With both ends included, repeat exactly the lines of the entries below from the one containing "buat begitu untuk" down to the one containing "Электромагнитный замок, уличное", and no others.

---- Input material

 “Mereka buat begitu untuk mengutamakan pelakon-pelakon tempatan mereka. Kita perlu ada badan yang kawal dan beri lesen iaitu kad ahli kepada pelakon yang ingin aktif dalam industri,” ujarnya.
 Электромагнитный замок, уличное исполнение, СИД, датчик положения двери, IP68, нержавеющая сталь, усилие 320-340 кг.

--------
---- Input material

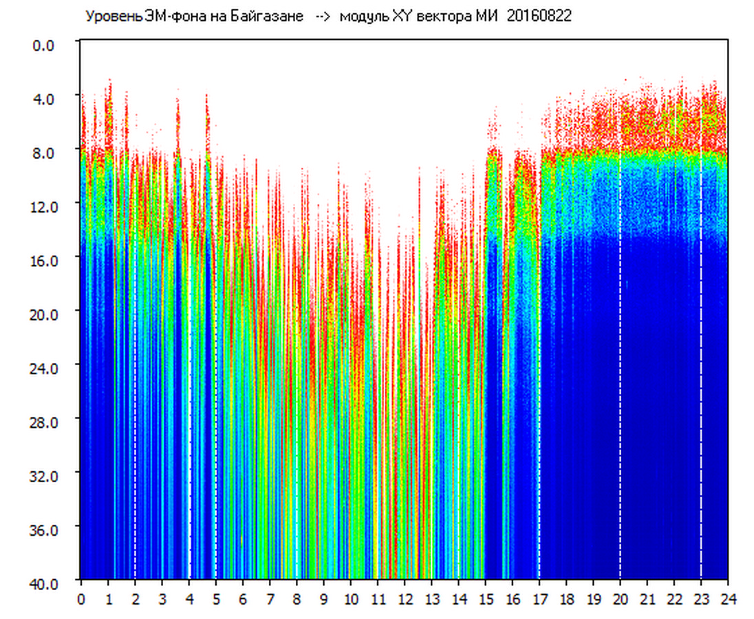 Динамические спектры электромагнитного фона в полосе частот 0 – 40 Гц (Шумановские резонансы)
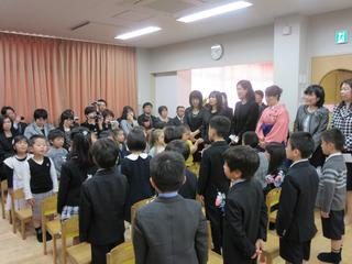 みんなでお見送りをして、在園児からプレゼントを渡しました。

--------

- _Output below_
 “Mereka buat begitu untuk mengutamakan pelakon-pelakon tempatan mereka. Kita perlu ada badan yang kawal dan beri lesen iaitu kad ahli kepada pelakon yang ingin aktif dalam industri,” ujarnya.
 Электромагнитный замок, уличное исполнение, СИД, датчик положения двери, IP68, нержавеющая сталь, усилие 320-340 кг.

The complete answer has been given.